New capabilities in the unified security platform reduce false positives, enable scaling, and keep threat coverage current.
ManageEngine, the enterprise IT management division of Zoho Corporation, has unveiled a major enhancement to its SIEM solution, Log360. The platform’s reengineered detection system is designed to address one of the most pressing challenges in modern security operations centers (SOCs): alert fatigue.
“The biggest challenge for security teams today isn’t collecting data—it’s separating genuine signals from overwhelming noise. We’ve reengineered our detection system to deliver true efficiency and empower SOCs with flexible, granular rule-tuning capabilities.”
– Manikandan Thangaraj, Vice President, ManageEngine
A recent Google-commissioned Threat Intelligence Benchmark study revealed that over 60% of SOC teams are overwhelmed by irrelevant threat data, with more than half of cloud security alerts dismissed as noise. ManageEngine’s upgraded Log360 directly tackles this issue by filtering out low-value alerts, enabling faster triage, and reducing analyst burnout.
“For a 911 emergency communications center, security is the foundation of public trust—and any failure has immediate, real-world consequences. With Log360’s optimized detection rules and filtering techniques, we have reduced false or low-priority alerts by 90%, allowing our analysts to focus on the threats that matter most.”
– Corey Nelson, IT Manager, ECSO 911
The latest release introduces a centralized detection console, object-level rule filters, and more than 1,500 prebuilt detection rules mapped to the MITRE ATT&CK® framework and SIGMA. Delivered through the cloud, these rules are continuously updated to keep pace with emerging threats.

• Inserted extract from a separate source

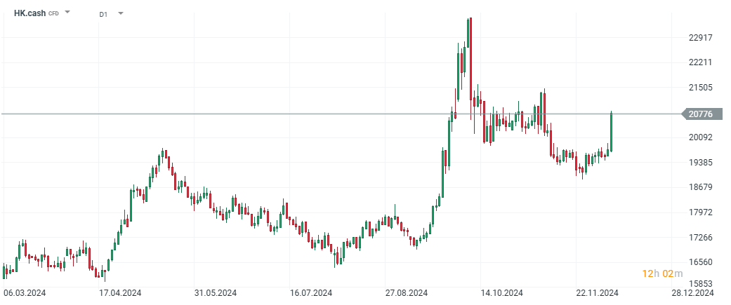 Index Hang Seng si dnes v reakcii na oznámené správy pripisuje viac ako 5 %. Zdroj: xStation5

Beta testing by Emergency Communications of Southern Oregon (ECSO) 911, a critical U.S. emergency dispatch center, validated the system’s impact—achieving a 90% reduction in false alerts and accelerating detection-to-response times.
Key highlights of the upgrade include:
- Reengineered detection: A unified console consolidating MITRE ATT&CK rules, correlation logic, UEBA insights, and threat intel feeds, with interactive UI-driven rule creation and fine-grained filters.
- Cloud-delivered content: A library of 1,500+ curated rules covering use cases from privilege escalation to SaaS attacks, continuously updated via cloud delivery.
- Enterprise-grade scalability: Multi-tier architecture with role-specialized processing and centralized, multi-site log collection to support large, distributed enterprises.
With these enhancements, Log360 not only improves detection accuracy but also strengthens ManageEngine’s position as a unified security platform capable of scaling with enterprise demand.